Worked Example: Decide Between Cleanup and Expansion

The hardest storage decision is often not technical but operational: should you delete data, expand storage, or stop the service while investigating. Expansion is attractive because it is fast and non-disruptive with LVM, but it can hide runaway growth. Cleanup is attractive because it addresses waste, but it can be dangerous if no one knows which files are safe to remove. Stopping the service protects data integrity but may violate availability goals.

A practical decision rule is to separate emergency restoration from root-cause cleanup.

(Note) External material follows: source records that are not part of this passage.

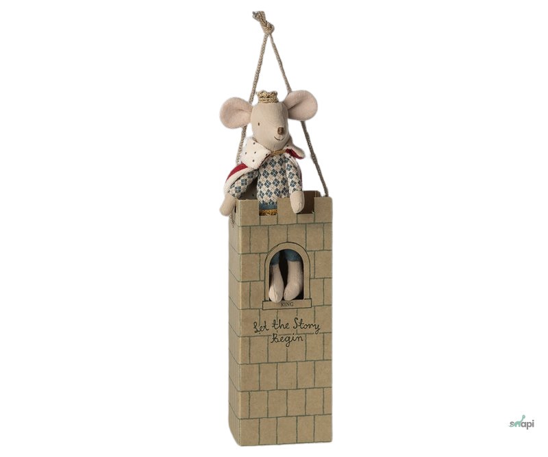 Az Apa méretű Királyegér készen áll, hogy házigazda legyen a kastélyában. Köpenyt és koronát visel, és tökéletesen illik a várcsarnokba.
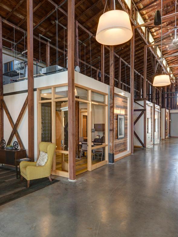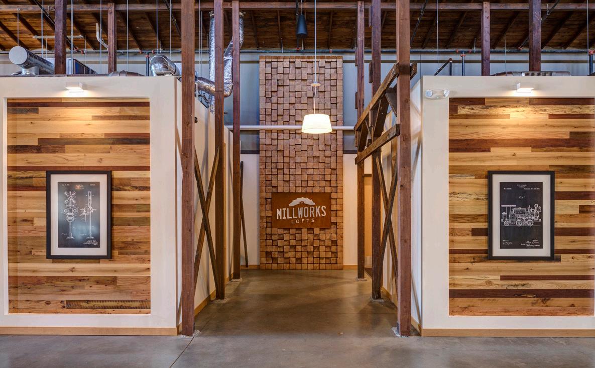 Millworks provides modern amenities while showcasing the historic character of the buildings, with exposed brick walls, and tongue and groove wood ceilings. The restoration kept the historic character of the neighborhood intact, with Millworks’ thoughtful design and proximity to light rail transit making the working space an attractive option for many.
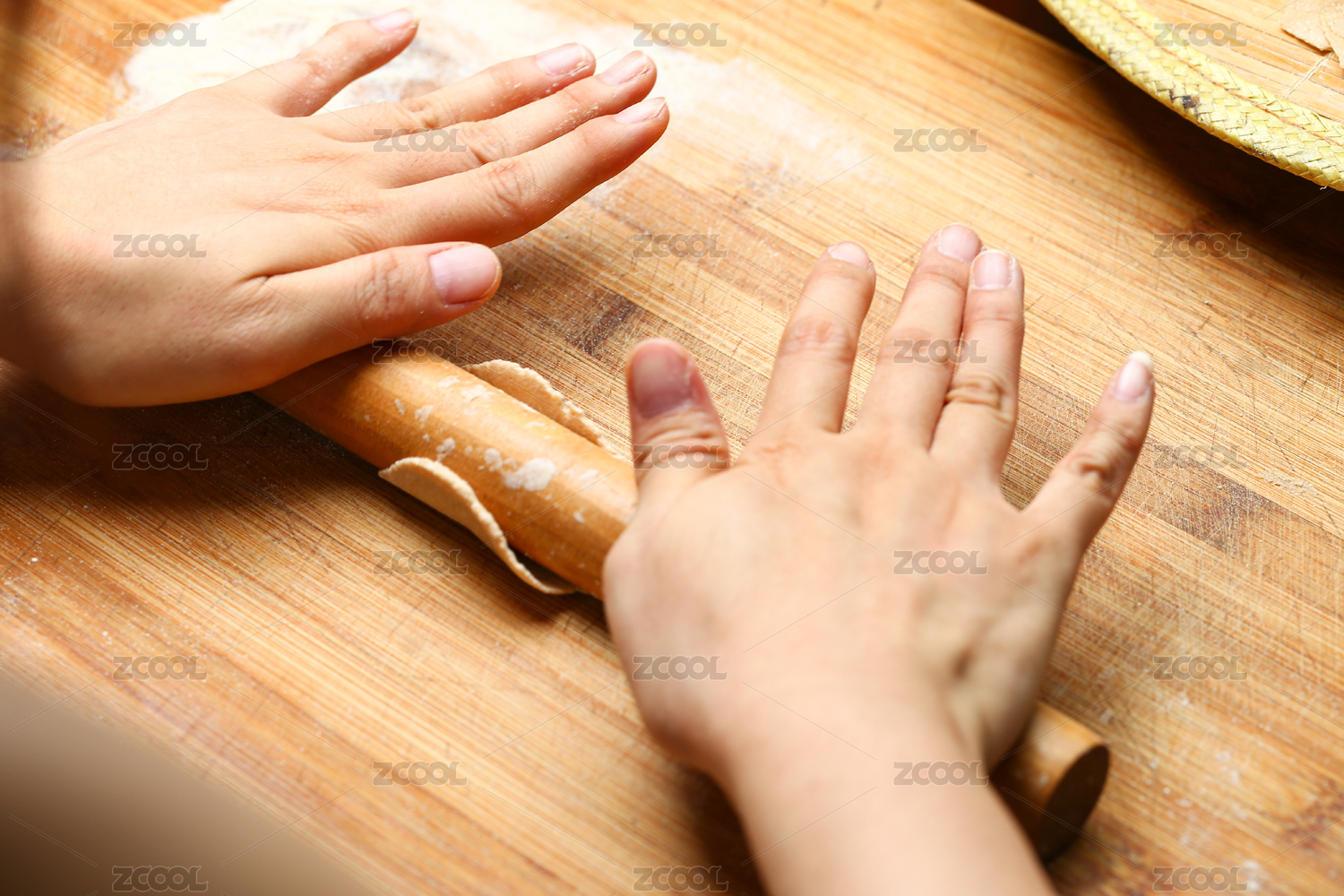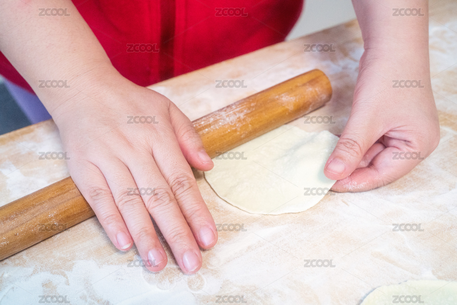 女性手手工搟皮過程
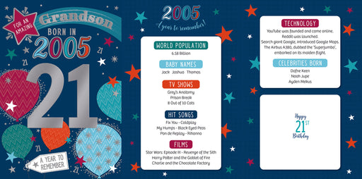 View full details2005 Happy 21st Birthday Grandson From The Year You Were Born
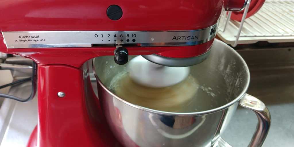 - Una vez que se obtiene una mezcla pareja subir la velocidad y amasar por unos 10 min.
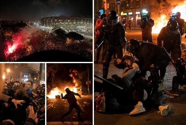 Najmanje 46 ljudi je povređeno kada su se hiljade katalonskih separatisti sukobili sa policijom kod stadiona Kamp Nou, na kome su sinoć veliki derbi igrali fudbaleri Barselone i Real Madrida.
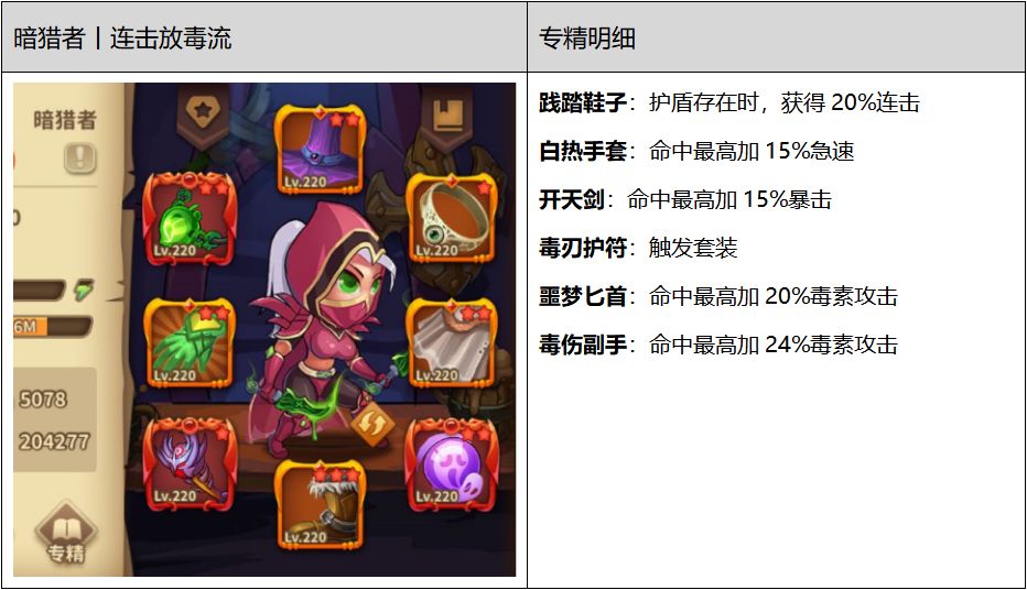 暗猎者:主毒伤+连击
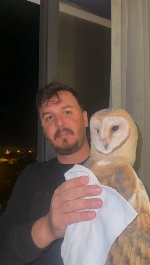 Gece saatlerinde evlerine giren baykuşu görünce büyük şaşkınlık yaşayan ev sakinleri, arkadaşları olan doğa ve yaban hayatı fotoğrafçısı Alper Tüydeş'e danışarak, zarar vermemek için baykuşu havluyla tutarak yakaladı. Daha sonra da geldiği balkondan dışarı saldı. Aile, o anları da cep telefonu kamerasıyla görüntüledi.
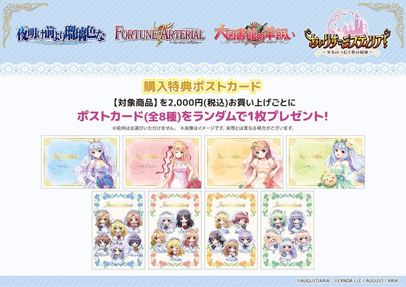 期間中、ゲーマーズオンラインショップにて「オーガスト」対象商品を2,000円(税込)お買い上げごとに、特典ポストカード(全8種)をランダムで1枚プレゼント!
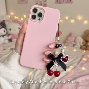 Nalefow Phone Charms Strap Cute Cherry CellPhone Straps Aesthetic Pink Red Black BlueCherry Phone Chain for Camera Keychain Bag Pendant Decor Gift
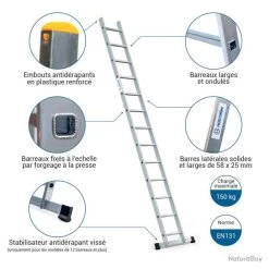 Echelle Simple StablePro 13 Marches En Aluminium, Légère Et Durable, Hauteur De Travail Maximale 4,4
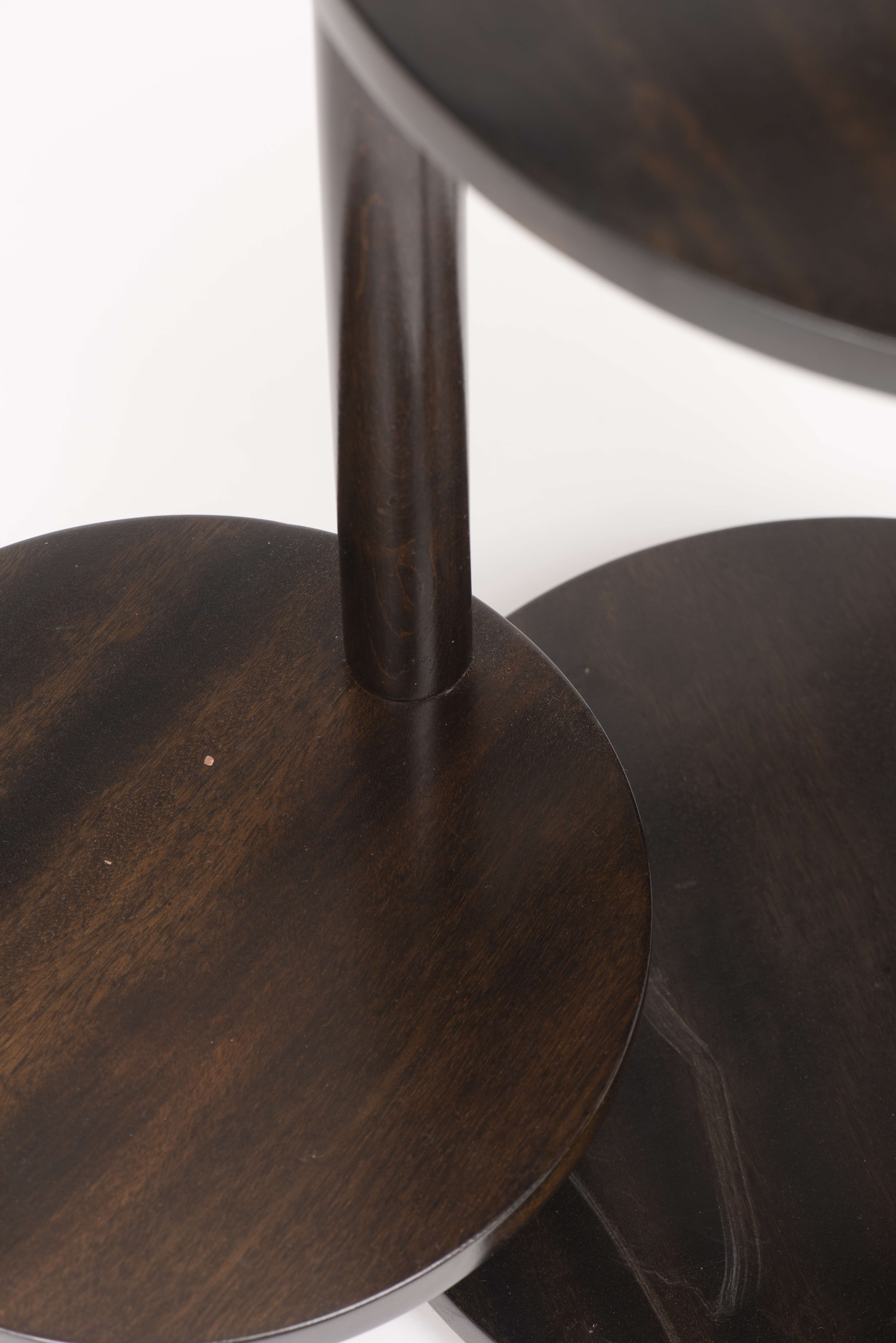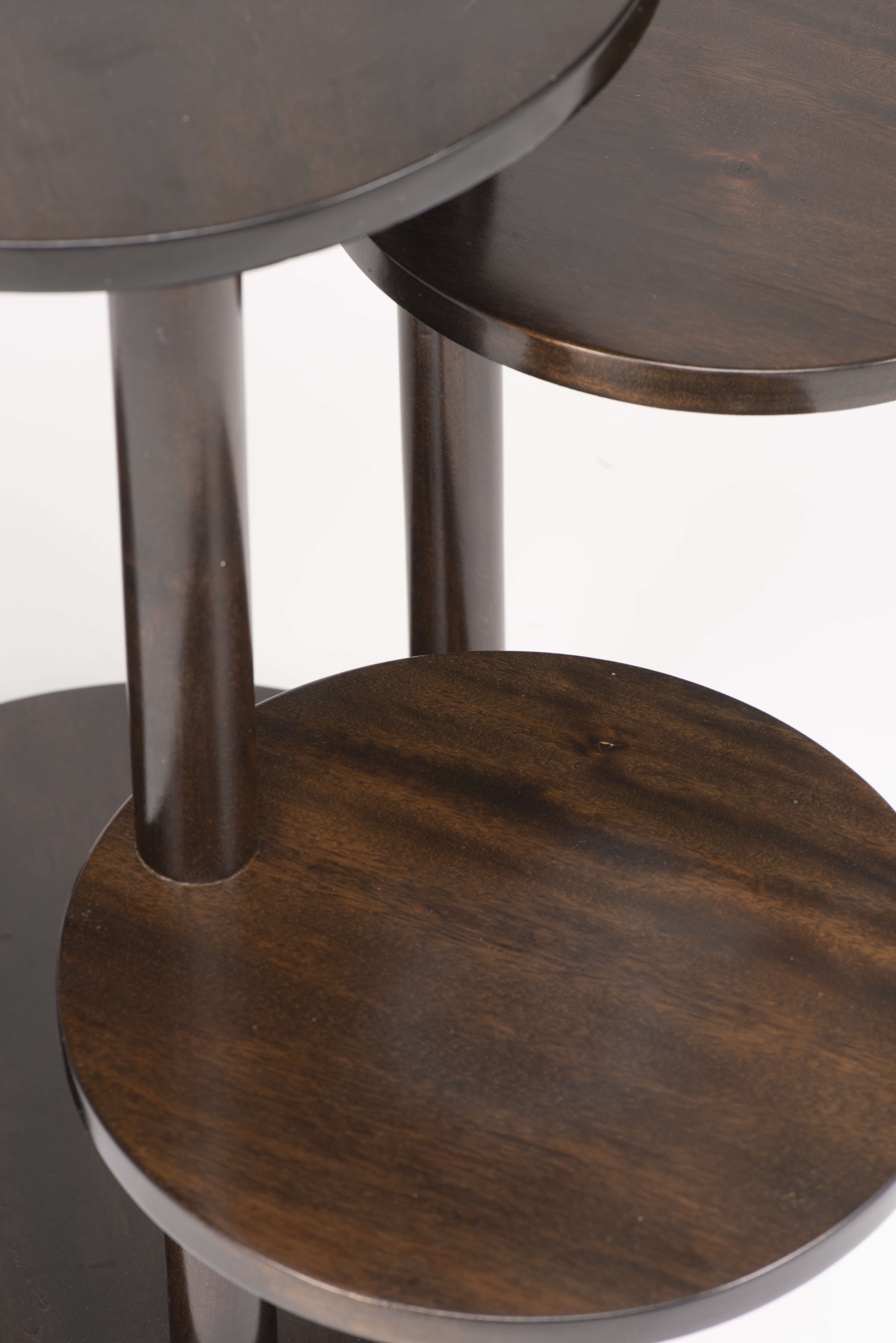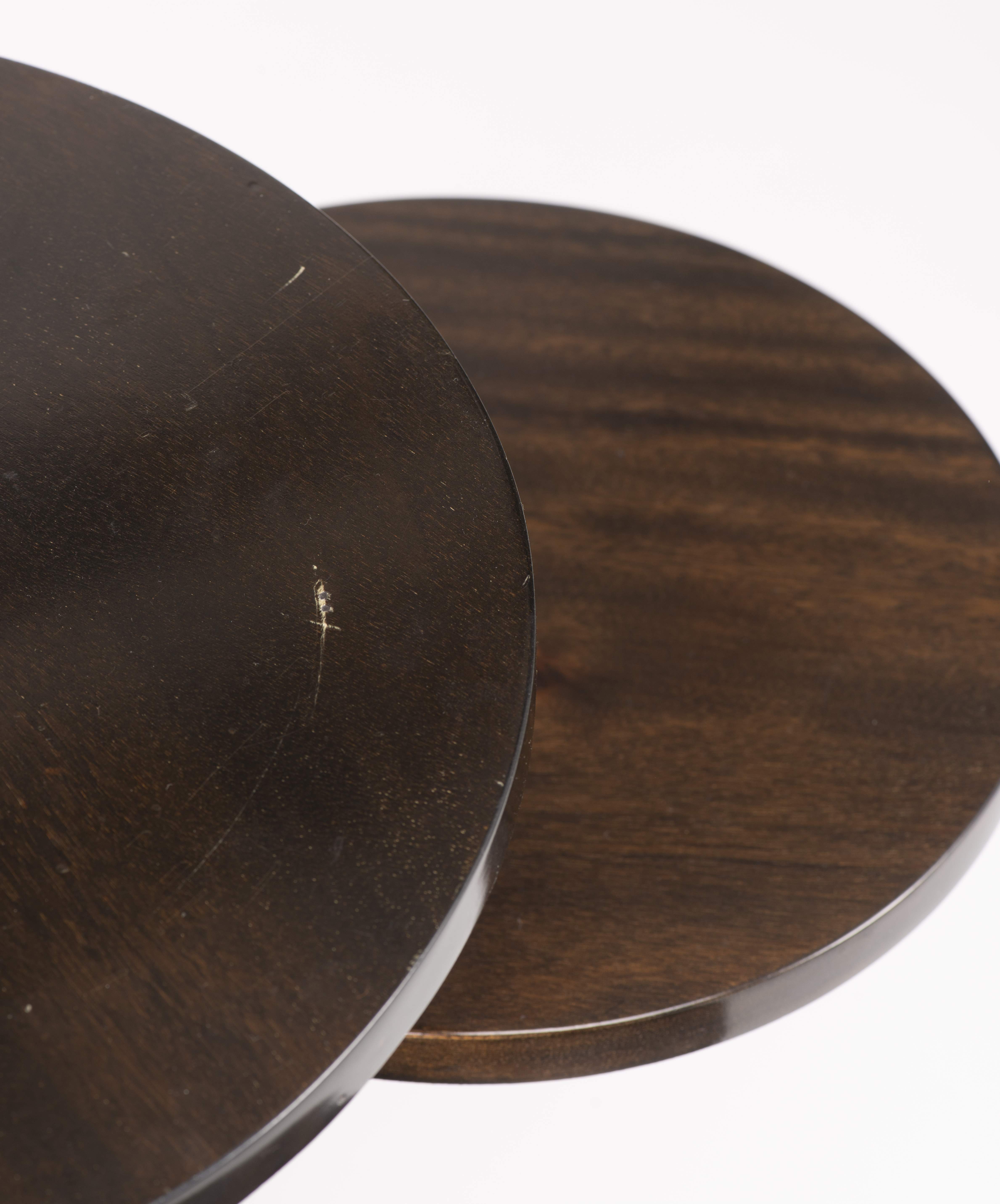 Sellette circulaire en bois laqué Art déco à 3 pieds et plateaux mobiles.

If the filesystem is blocking writes for a critical service and the VG has free extents, expanding by a measured amount can restore service while preserving time for analysis. If the service is filling space because of a bug, the expansion should be paired with a temporary cap, log-level change, or retention adjustment so the new space does not disappear in the next hour.

Cleanup should be based on ownership, age, and recoverability. Package caches, old container images, rotated logs, and build artifacts often have clear cleanup commands. Database files, application uploads, and registry blobs usually require application-aware cleanup because deleting files directly can corrupt indexes or metadata. When the tool that created the data provides a prune, vacuum, or retention command, prefer that over manual file deletion.

Expansion should be based on the layer that is actually constrained. If the filesystem is full and the LV has no free space but the VG does, lvextend -r is direct. If the VG is full and a new disk is attached, pvcreate plus vgextend prepares the pool first. If the physical host has no capacity and the workload is portable, moving data to network storage or a CSI-backed volume may be the more sustainable design.

A good post-incident note includes the exact symptom, the constrained layer, the command used, and the verification output. It should also name the next preventive action, such as adding inode alerts, setting registry retention, separating container runtime storage from root, or documenting the fstab entry. That note turns one stressful incident into shared team knowledge.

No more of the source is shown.